O presidente Luiz Inácio Lula da Silva sancionou nesta quinta-feira (10) o Projeto de Lei de Conversão (PLV) nº 13/2026, que modifica a tributação das compras internacionais e põe fim à cobrança conhecida como “taxa das blusinhas”.
Com a nova legislação, deixa de ser cobrado o Imposto de Importação de 20% sobre compras de até US$ 50 realizadas no exterior. A lei também mantém o regime simplificado de tributação para mercadorias importadas por remessa postal ou encomenda internacional de até US$ 3 mil por remessa.
A mudança afeta diretamente consumidores que compram em plataformas internacionais. A legislação, porém, não significa necessariamente que todas as compras de até US$ 50 ficarão livres de qualquer tributação, já que outros impostos eventualmente aplicáveis às operações, como tributos estaduais, não são eliminados pela medida.
A nova legislação dá ao ministro da Fazenda competência para modificar as alíquotas do Imposto de Importação aplicadas às remessas internacionais.
Também será possível estabelecer tratamentos tributários diferentes de acordo com a modalidade utilizada para a importação e com a participação das plataformas no programa de conformidade da Receita Federal.
Outra mudança envolve a cotação do dólar. Nas compras realizadas por meio de plataformas habilitadas no programa, a nacionalização da mercadoria poderá considerar a taxa de câmbio vigente na data da compra, aumentando a previsibilidade sobre o custo final da encomenda.
O Executivo também poderá estabelecer limites para quantidade e frequência das compras, além de mecanismos destinados a impedir o fracionamento artificial de encomendas para obtenção de benefícios tributários.
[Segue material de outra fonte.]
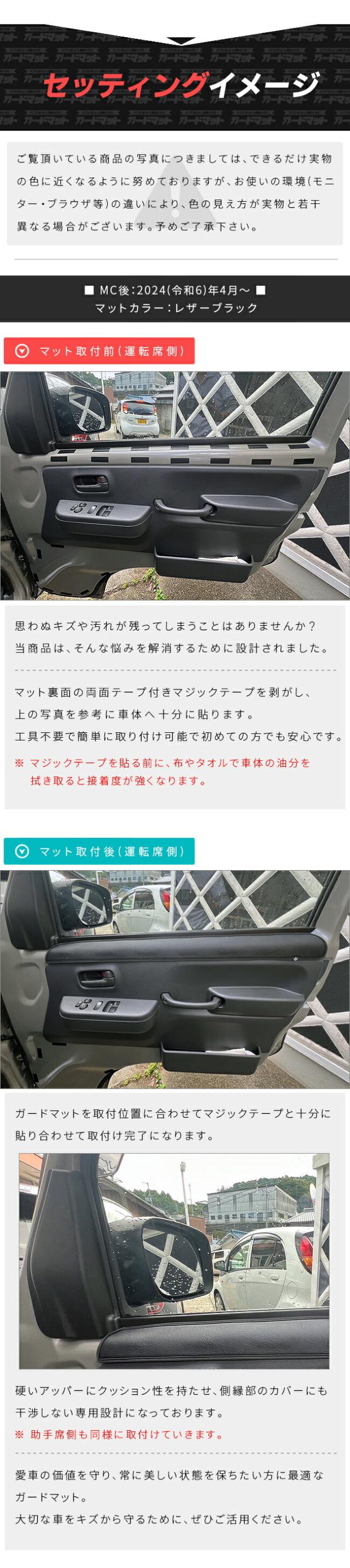 | 商品のポイント | スズキ キャリイ スーパーキャリイ DA16T用のガードマットは、専用設計でアッパードアトリムをしっかりと保護しますのでキズや汚れから愛車を守ります。2枚組で、取り付けも簡単。実用性とデザイン性を両立させた一品です。愛車をより快適に、スタイリッシュに演出します。 |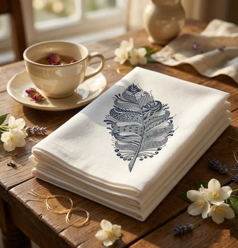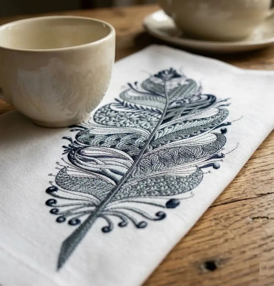 The feather design boasts a stitch count of approximately 5,000, making it ideal for both beginner and experienced stitchers. With a recommended hoop size of 5x7 inches, it fits a variety of embroidery machines. Available in multiple formats including DST, PES, JEF, HUS, EXP, VP3, and XXX, you'll have no trouble using this design on your favorite embroidery software.
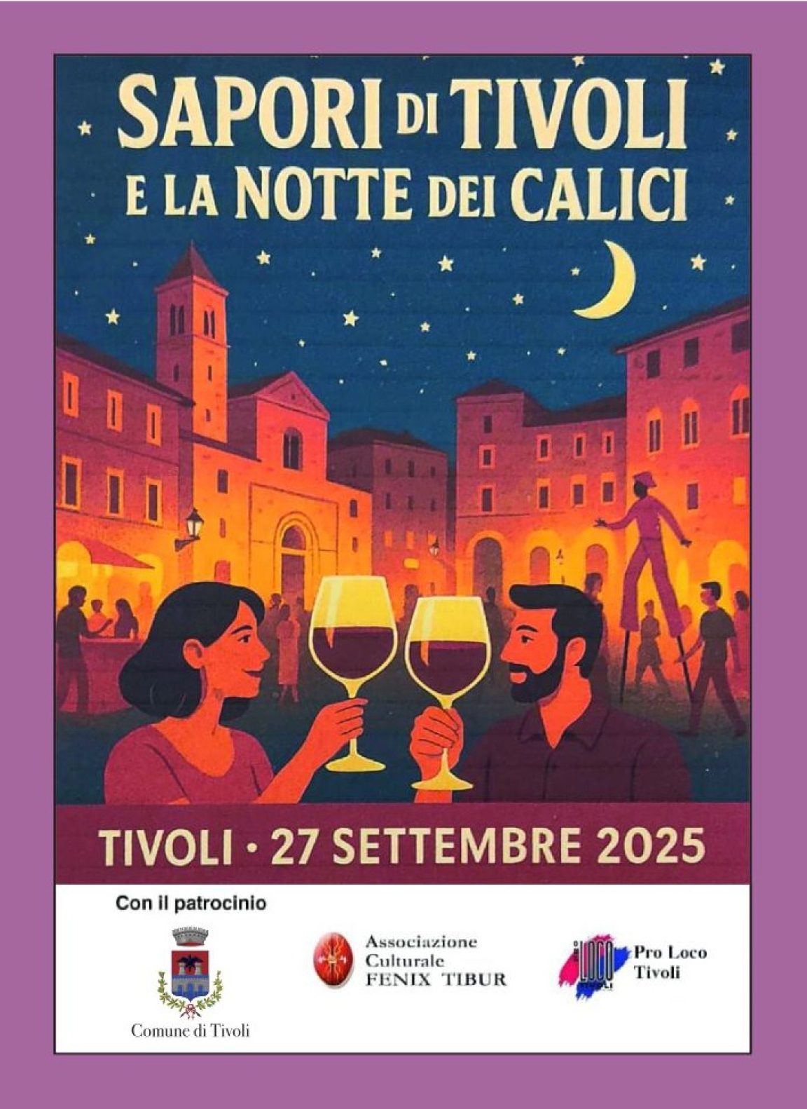 Le piazze e le strade del centro storico di Tivoli si animeranno con i profumi, i suoni e i colori di uno degli eventi più attesi dell’autunno: “Sapori di Tivoli e la Notte dei Calici”.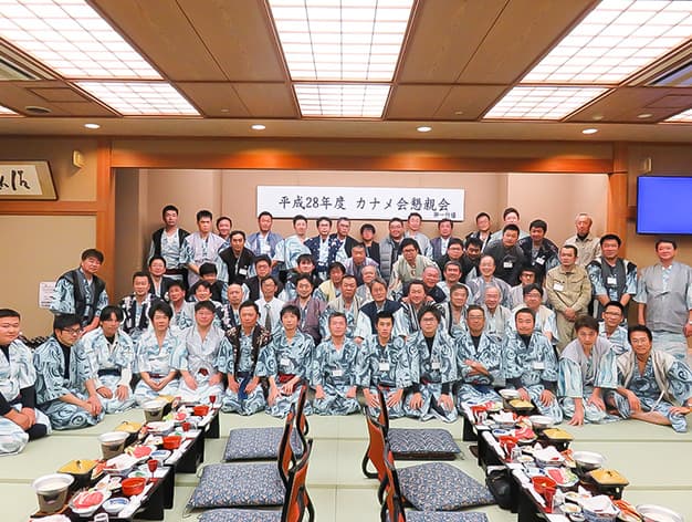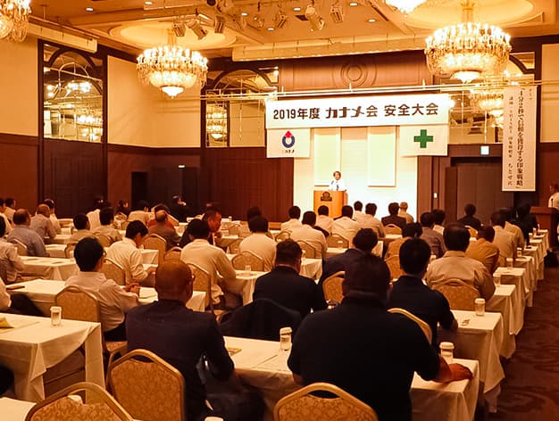 お客様に満足頂くための工事サービスの追求、職人の方々が安全に安心して仕事が出来る環境造りのためにカナメと全国の協力会社の相互で活動している組織です。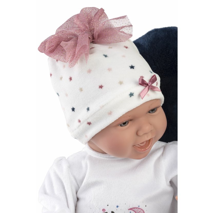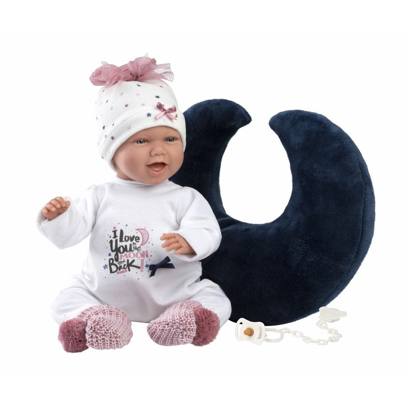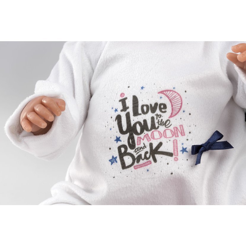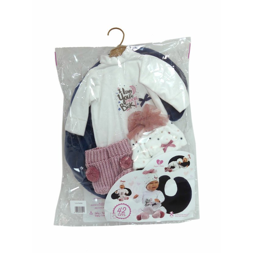 3dílný obleček s kojícím polštářem pro panenku miminko NEW BORN Llorens velikosti 40-42 cm. Vyrobeno ručně ve Španělsku, baleno v igelitovém obalu s plastovým ramínkem. Doporučený věk od 3 let.

As regras poderão ainda restringir o uso do regime simplificado para operações destinadas à revenda.
A lei estabelece tratamento diferenciado para determinados medicamentos importados por pacientes.
Para se enquadrar no regime especial, o produto deverá, entre outros requisitos, ser acabado, não possuir similar nacional, ter classificação reconhecida pela Anvisa, ser importado por pessoa física para uso próprio e individual e ser destinado ao tratamento de doenças raras ou negligenciadas.
O Ministério da Fazenda deverá monitorar os efeitos econômicos das novas regras em intervalos de, no máximo, seis meses.
As avaliações deverão considerar fatores como emprego e renda, competitividade da indústria e do varejo brasileiro, preços ao consumidor, quantidade e valor das importações e arrecadação federal e estadual.
O Congresso Nacional também terá participação no acompanhamento. Até 30 de abril de cada ano, o Legislativo deverá apresentar relatório sobre os impactos econômicos e fiscais do regime, incluindo seus efeitos sobre a indústria, o comércio e a arrecadação.
Com a sanção, a cobrança federal de 20% que ficou conhecida como “taxa das blusinhas” deixa de incidir sobre as compras internacionais de até US$ 50, enquanto o governo passa a contar com novos mecanismos para acompanhar e ajustar o regime de importação simplificada.